You did what you were trained to do and what you were supposed to do. It was senior leaders and political representatives who fucked this up. It was the suits, not the boots who created this outcome.

Quite a speech from a veteran and member of parliament.


quote:
Like many veterans, this last week has been one that has seen me struggle through anger, grief and rage. The feeling of abandonment, not just of a country but of the sacrifice that my friends made. I’ve been to funerals from Poole to Dunblane; I’ve watched good men go into the earth, taking with them a part of me and a part of us all. And this week has torn open those wounds, left them raw, left us all hurting. I know it’s not just soldiers. I know aid workers and diplomats who feel the same way. I know journalists who’ve been the witnesses to our country in its heroic effort to save people from the most horrific fates.

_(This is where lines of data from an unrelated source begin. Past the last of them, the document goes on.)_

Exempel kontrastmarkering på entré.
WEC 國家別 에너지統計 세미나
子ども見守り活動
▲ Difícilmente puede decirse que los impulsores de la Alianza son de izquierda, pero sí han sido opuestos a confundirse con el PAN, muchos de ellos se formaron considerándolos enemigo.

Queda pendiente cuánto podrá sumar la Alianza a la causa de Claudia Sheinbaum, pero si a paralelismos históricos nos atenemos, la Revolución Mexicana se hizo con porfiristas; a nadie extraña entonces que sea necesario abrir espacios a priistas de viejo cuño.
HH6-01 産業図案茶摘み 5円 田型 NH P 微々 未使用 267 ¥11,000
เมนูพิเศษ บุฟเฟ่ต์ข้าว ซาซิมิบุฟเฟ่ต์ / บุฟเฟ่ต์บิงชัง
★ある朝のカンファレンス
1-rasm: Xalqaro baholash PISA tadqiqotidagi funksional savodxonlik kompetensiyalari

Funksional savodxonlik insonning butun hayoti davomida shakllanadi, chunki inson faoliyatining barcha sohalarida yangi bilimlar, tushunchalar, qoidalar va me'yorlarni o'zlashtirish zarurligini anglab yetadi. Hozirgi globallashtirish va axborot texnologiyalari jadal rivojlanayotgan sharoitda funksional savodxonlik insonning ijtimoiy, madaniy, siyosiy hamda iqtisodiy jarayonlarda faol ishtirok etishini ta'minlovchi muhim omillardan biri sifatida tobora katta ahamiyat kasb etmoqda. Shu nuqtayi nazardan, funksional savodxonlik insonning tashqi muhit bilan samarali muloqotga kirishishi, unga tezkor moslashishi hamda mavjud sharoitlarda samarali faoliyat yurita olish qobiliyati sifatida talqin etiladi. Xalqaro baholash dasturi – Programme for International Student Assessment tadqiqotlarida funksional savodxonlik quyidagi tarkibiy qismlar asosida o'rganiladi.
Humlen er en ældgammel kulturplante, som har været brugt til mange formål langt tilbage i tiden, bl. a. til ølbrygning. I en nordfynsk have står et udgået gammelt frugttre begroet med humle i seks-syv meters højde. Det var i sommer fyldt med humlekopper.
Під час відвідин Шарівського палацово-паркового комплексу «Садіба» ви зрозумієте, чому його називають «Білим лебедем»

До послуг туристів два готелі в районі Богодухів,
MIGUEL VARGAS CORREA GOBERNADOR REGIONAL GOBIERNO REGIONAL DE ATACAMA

This isn’t just about us. The mission in Afghanistan wasn’t a British mission, it was a Nato mission. It was a recognition that globalisation has changed us all. The phone calls that I am still receiving, the text messages that I have been answering, putting people in touch with our people in Afghanistan, reminds us that we are connected. Afghanistan is not a far away country about which we know little. It is part of the main. That connection links us also to our European partners, to our neighbours and our international friends.

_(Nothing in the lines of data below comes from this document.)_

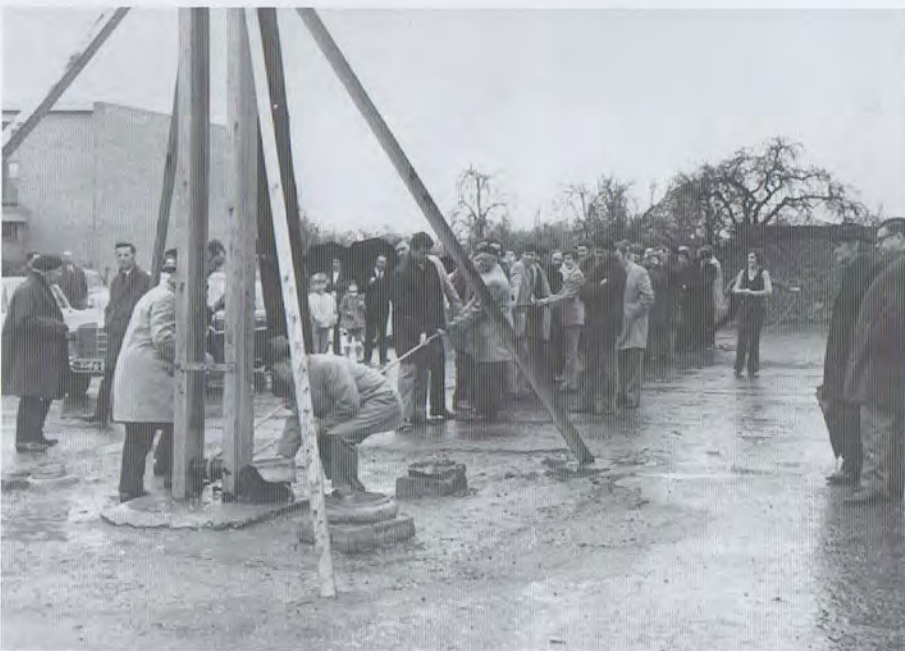
1976. Paasmaandag, de vogelstang wordt neergelaten.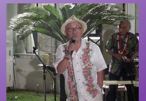
締めはウィット満載の村田会員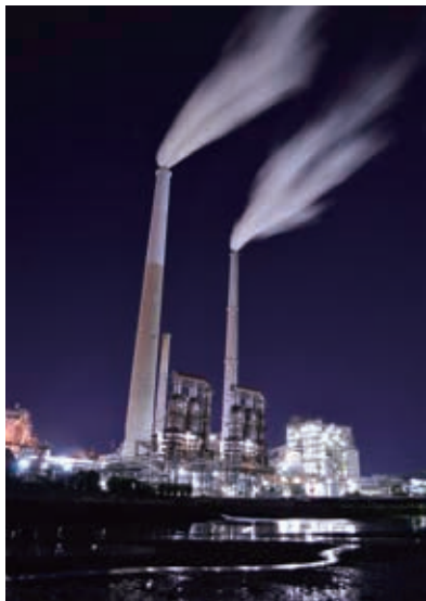
▲ U-18の部 最優秀賞受賞作品「宇宙まで」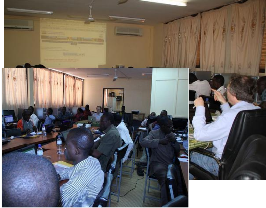
20 PhD students in Burkina Fasso (Ouagadougou)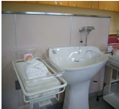
嬰兒洗澡盆(不是不鏽鋼)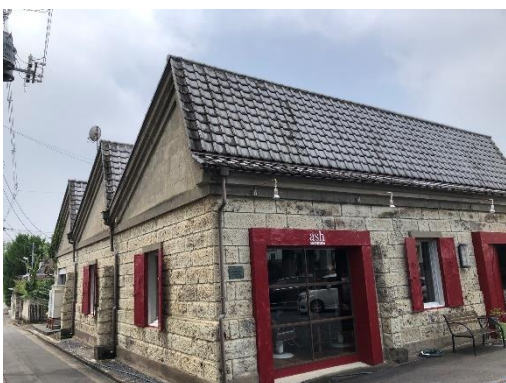
建物外観（正面入り口側から撮影）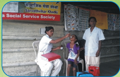
Children's Day & Vaccination Program, SEVA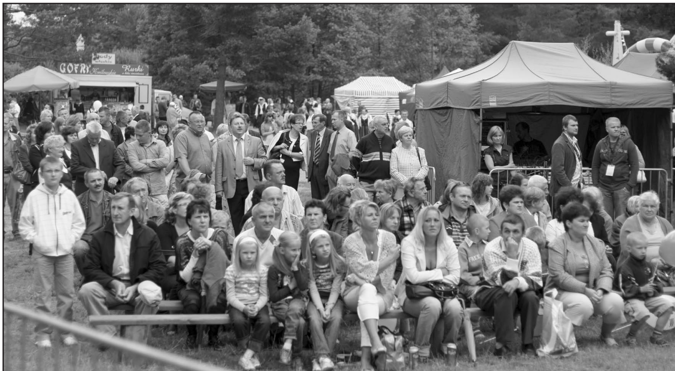
Mimo nie najlepszej pogody, nie zabrakło publiczności na imprezie z okazji Dnia Zagnańskiego.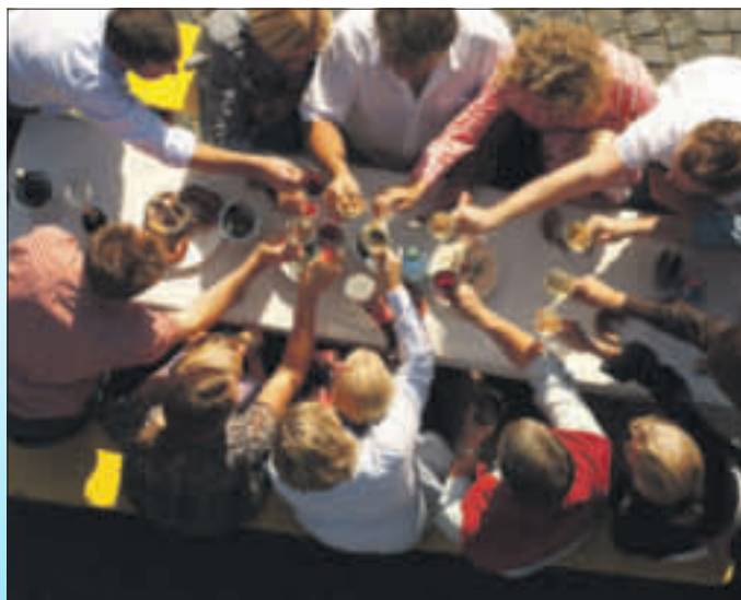
Herrlich: Die wärmenden Strahlen der Frühlingssonne bieten die perfekte Umgebung für ein gelungenes Osterbrunch im Restaurant mit der Familie und Freunden.

Einen Platz bekommt hier natürlich nur, wer früh genug reserviert.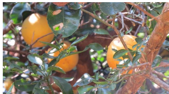
Oranges, pamplemousse, citrons gingembre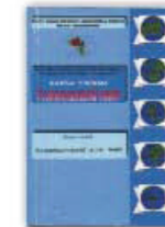
8. Геоэкономический атлас мира, Москва, 2002.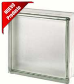
REF.: TC24AR 2424/8 ARCTIC SAP CODE: 124483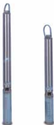
Série GS Pompe immergée de diamètre 4".

Débit jusqu'à 7,5 m 3 /h Hauteur de refoulement jusqu'à 80 m Puissance jusqu'à 1,1 kW Disponible avec régulateur de niveau incorporé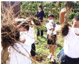
ブロッコリーの根の観察（3年生）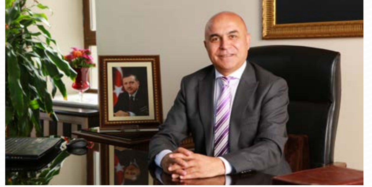
Ali KORKUT Belediye Başkanı

And so it is with great sadness that I now criticise one of them. Because I was never prouder than when I was decorated by the 82nd Airborne after the capture of Musa Qala. It was a huge privilege to be recognised by such an extraordinary unit in combat. To see their commander-in-chief call into question the courage of men I fought with — to claim that they ran. It is shameful.

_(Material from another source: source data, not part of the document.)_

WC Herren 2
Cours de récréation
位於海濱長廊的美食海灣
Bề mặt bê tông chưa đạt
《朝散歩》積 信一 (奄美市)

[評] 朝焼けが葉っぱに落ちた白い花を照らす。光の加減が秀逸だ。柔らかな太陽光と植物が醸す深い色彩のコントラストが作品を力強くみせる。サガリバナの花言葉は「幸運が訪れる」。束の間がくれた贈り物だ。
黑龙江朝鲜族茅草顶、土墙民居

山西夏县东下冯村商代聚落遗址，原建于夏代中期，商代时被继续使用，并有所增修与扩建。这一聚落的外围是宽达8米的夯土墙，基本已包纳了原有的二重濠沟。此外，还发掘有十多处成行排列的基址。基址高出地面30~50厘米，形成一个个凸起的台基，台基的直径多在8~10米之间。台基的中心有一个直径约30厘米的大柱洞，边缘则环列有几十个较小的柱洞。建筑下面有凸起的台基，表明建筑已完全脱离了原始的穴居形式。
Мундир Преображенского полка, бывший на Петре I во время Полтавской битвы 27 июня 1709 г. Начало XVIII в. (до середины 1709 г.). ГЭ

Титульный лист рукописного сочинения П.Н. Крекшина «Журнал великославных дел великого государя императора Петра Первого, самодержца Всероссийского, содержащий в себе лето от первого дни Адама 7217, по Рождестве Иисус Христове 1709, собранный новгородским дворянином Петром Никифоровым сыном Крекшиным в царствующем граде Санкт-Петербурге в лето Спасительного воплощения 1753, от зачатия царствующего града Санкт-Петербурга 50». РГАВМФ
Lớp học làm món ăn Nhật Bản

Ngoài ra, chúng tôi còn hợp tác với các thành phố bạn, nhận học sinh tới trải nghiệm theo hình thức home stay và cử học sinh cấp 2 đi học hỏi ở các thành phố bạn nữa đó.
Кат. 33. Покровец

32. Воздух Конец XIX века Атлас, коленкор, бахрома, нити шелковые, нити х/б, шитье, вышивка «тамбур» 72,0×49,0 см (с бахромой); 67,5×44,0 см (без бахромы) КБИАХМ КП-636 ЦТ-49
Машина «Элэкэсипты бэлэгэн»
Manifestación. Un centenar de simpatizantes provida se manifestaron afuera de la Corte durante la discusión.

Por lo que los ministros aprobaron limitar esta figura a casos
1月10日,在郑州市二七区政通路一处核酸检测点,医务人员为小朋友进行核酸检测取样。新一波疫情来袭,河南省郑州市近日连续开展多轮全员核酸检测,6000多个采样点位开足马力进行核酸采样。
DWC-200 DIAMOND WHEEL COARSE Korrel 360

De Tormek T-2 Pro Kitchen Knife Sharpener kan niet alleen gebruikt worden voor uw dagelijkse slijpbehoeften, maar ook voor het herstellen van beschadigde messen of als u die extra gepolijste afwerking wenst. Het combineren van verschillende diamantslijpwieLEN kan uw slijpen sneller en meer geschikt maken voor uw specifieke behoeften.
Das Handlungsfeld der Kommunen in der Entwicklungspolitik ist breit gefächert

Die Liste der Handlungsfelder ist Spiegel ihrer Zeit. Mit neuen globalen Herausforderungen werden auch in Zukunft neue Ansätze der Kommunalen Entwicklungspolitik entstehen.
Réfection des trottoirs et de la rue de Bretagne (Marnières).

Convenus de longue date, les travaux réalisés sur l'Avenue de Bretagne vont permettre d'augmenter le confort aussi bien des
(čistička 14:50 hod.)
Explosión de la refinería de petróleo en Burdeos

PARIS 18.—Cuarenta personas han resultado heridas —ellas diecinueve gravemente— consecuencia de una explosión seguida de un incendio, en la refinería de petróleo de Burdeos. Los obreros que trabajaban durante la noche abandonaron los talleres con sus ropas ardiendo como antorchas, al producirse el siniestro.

Let’s stop talking about ‘forever wars’, let’s recognise that forever peace is not bought cheaply — it is hard
Those who have never fought for the colours they fly should be careful about criticising those who have. Because what we have done, in these last few days, is we’ve demonstrated that it’s not armies that win wars. Armies can get tactical victories and operational victories that can hold a line. They can just about make room for peace, make room for people like us, parliamentarians, to talk, to compromise, to listen. It’s nations that make war. Nations endure. Nations mobilise and muster. Nations determine, and have patience.

Here we have demonstrated, sadly, that we, the West — the United Kingdom — does not have patience. Now, this is a harsh lesson for all of us and if we are not careful it could be a very, very difficult lesson for our allies. And it doesn’t need to be. We can set out a vision, a clear articulated vision, for reinvigorating a European-Nato partnership, to make sure we are not dependent on a single ally, on the decision of a single leader, but that we can work together with Japan and Australia, with France and Germany, with partners large and small, and make sure we hold the line together.

We know that patience wins. We know it because we have achieved it, we know it because we have delivered it. The Cold War was won with patience. Cyprus is at peace with patience. South Korea, with more than ten times the number of troops that America had in Afghanistan, is prosperous through patience.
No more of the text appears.